Development and application of a machine learning based multi-objective optimization workflow for CO2-EOR projects

Abstract

Carbon dioxide-Enhanced Oil Recovery (CO2-EOR) is known as one of techniques for hydrocarbon production improvement as wells as an important candidate to reduce greenhouse gas emissions. Thus, an ideal development strategy for a CO2-EOR project would consider multiple objectives including to maximize oil recovery, CO2 storage volume and project economic outcomes. This work proposes a robust computational framework that couples artificial neural network (ANN) and multi-objective optimizers to optimize the aforementioned objectives in CO2-EOR processes simultaneously. Expert ANN systems are trained and employed as surrogate models of the high-fidelity compositional simulator in the optimization workflow. The robustness of the development optimization protocol is confirmed via a synthetic injection-pattern-base case study.
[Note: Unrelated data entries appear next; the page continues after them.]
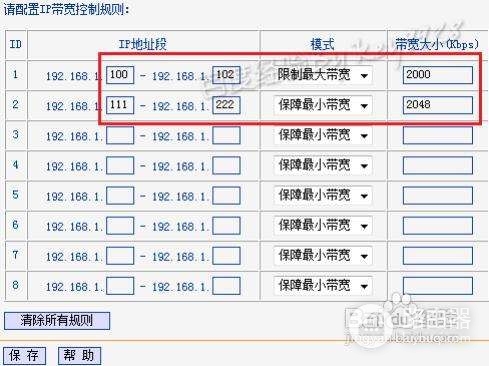 5、接下来在下在的IP地址段中详细设置各IP所用的带宽和控制方式:
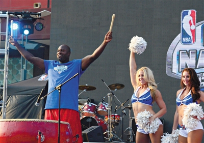 莱劲 在与球迷的互动环节中,昔日NBA“神射手”莱斯打起鼓来有模有样。
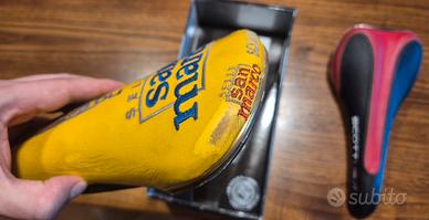 Vendo due selle vintage per bicicletta, una Scott USA e una San Marco. Quest'ultima ha ancora la scatola originale. Entrambe presentano leggeri segni di usura (inevitabili considerando la loro "età") ma colori ancora accesi.
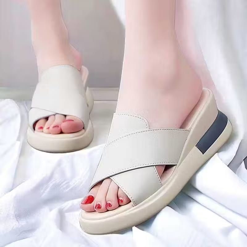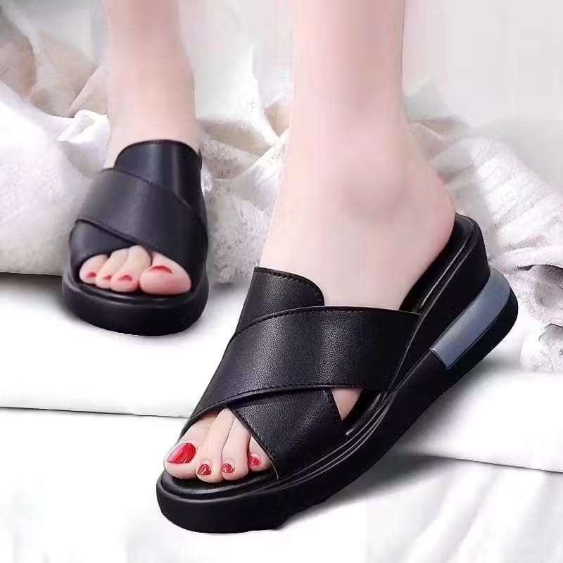Sandal Wanita Slop Slip on Terbaru Sandal Wanita Model Korean Style Terlaris Sandal Wedges Wanita Kekinian 2024

Afterward a field implementation to Morrow-B formation to optimize the tertiary recovery stage of the field development is discussed. This work compares the optimum solution found using an aggregate objective function and the solution repository (Pareto front) generated by the multi-objective optimization process. The comparison indicates the existence of potential multi-solutions satisfying certain criteria in a CO2-EOR project designing, which cannot be found using traditional weighted sum method. The optimization results provide significant insight into the decision-making process of CO2-EOR project when multiple objective functions are considered.